*THE TASK*:
Everything from the opening line of the listing below to the line that has "Excellent: The Diamonds", inclusive, should be returned exactly, except the pictures.

*DATA BELOW*:
——
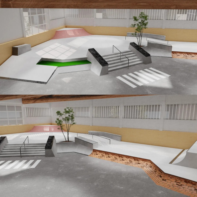 Wenn alles glatt geht, soll so die neue Skatehalle in der österreichischen Hauptstadt aussehen. Allerdings gibt der Vorstand zu bedenken, dass zum Beispiel die genauen Maße, Abstände, Proportionen, Radien usw. erst im Rahmen des Umsetzungsplans festgelegt werden können.
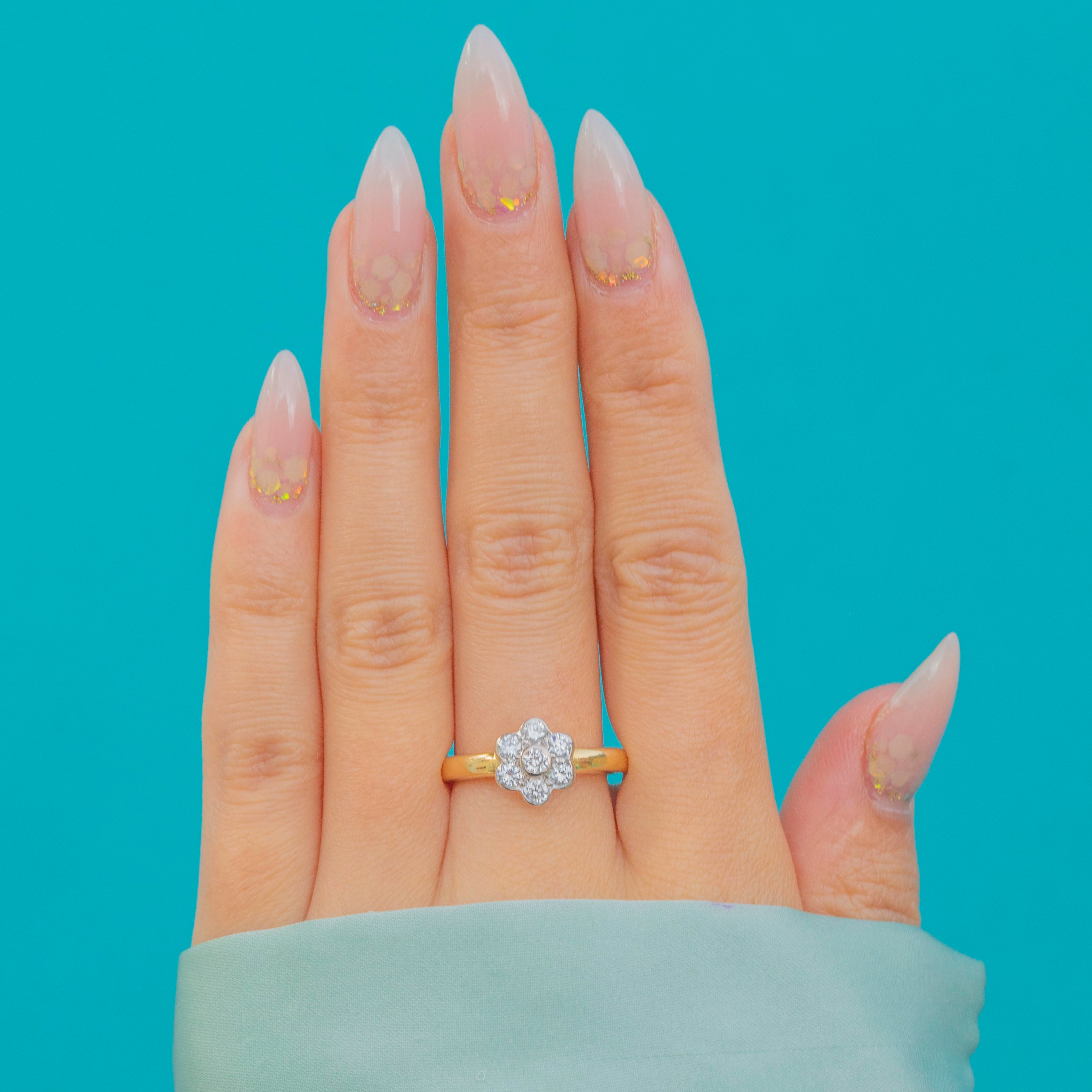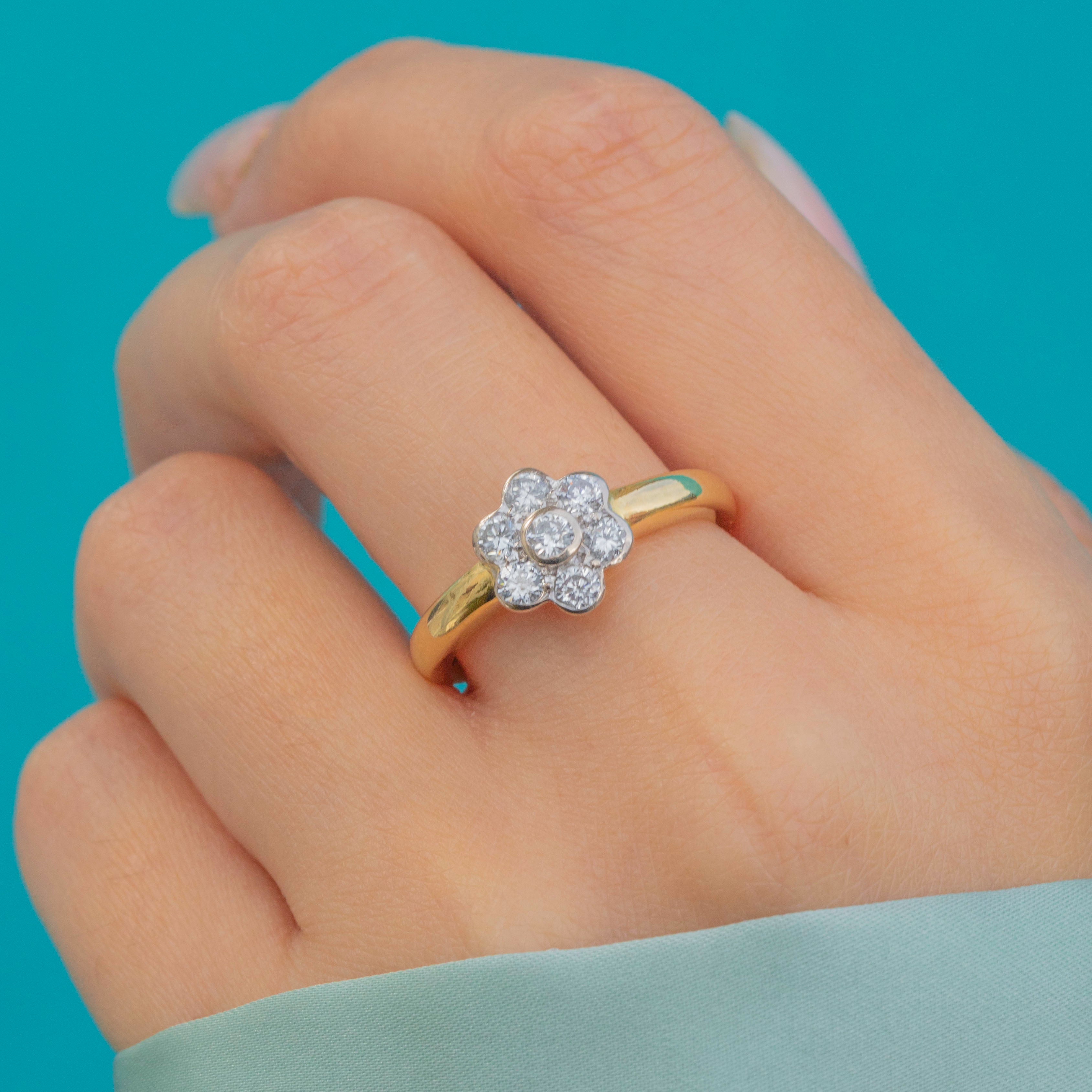Excellent: The Diamonds are bright and well-matched, all secure in their settings. The cluster head is crisp and in great shape, and the 18ct Gold band shows only light signs of wear, retaining good thickness and durability.
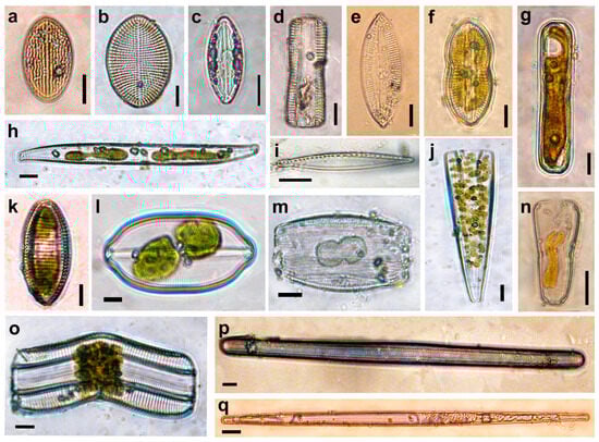 LM. Photographs of some diatom species frustules (a–e,g,i,p,q) and cells with chloroplasts (f–h,j–o) on macroalgae epiphyton: Cocconeis placentula var. euglypta (a), Cocconeis scutellum (b), Mastogloia pumila (c), Navicula cancellata (d), Navicula palpebralis (e), Diploneis didyma (f), Caloneis liber (g), Nitzschia sigmoidea (h), Nitzschia lanceolata var. minor (i), Licmophora abbreviata (j), Achnanthes brevipes (k), Petroneis humerosa (l), Undatella lineolata (m), Gomphonemopsis pseudexigua (n), Achnanthes longipes (o), Synedrosphenia crystallina (p), and Tabularia tabulata (q). Scale bar: 10 µm.
——
*RESULT FOR THIS EXERCISE*:
 Wenn alles glatt geht, soll so die neue Skatehalle in der österreichischen Hauptstadt aussehen. Allerdings gibt der Vorstand zu bedenken, dass zum Beispiel die genauen Maße, Abstände, Proportionen, Radien usw. erst im Rahmen des Umsetzungsplans festgelegt werden können.
Excellent: The Diamonds are bright and well-matched, all secure in their settings. The cluster head is crisp and in great shape, and the 18ct Gold band shows only light signs of wear, retaining good thickness and durability.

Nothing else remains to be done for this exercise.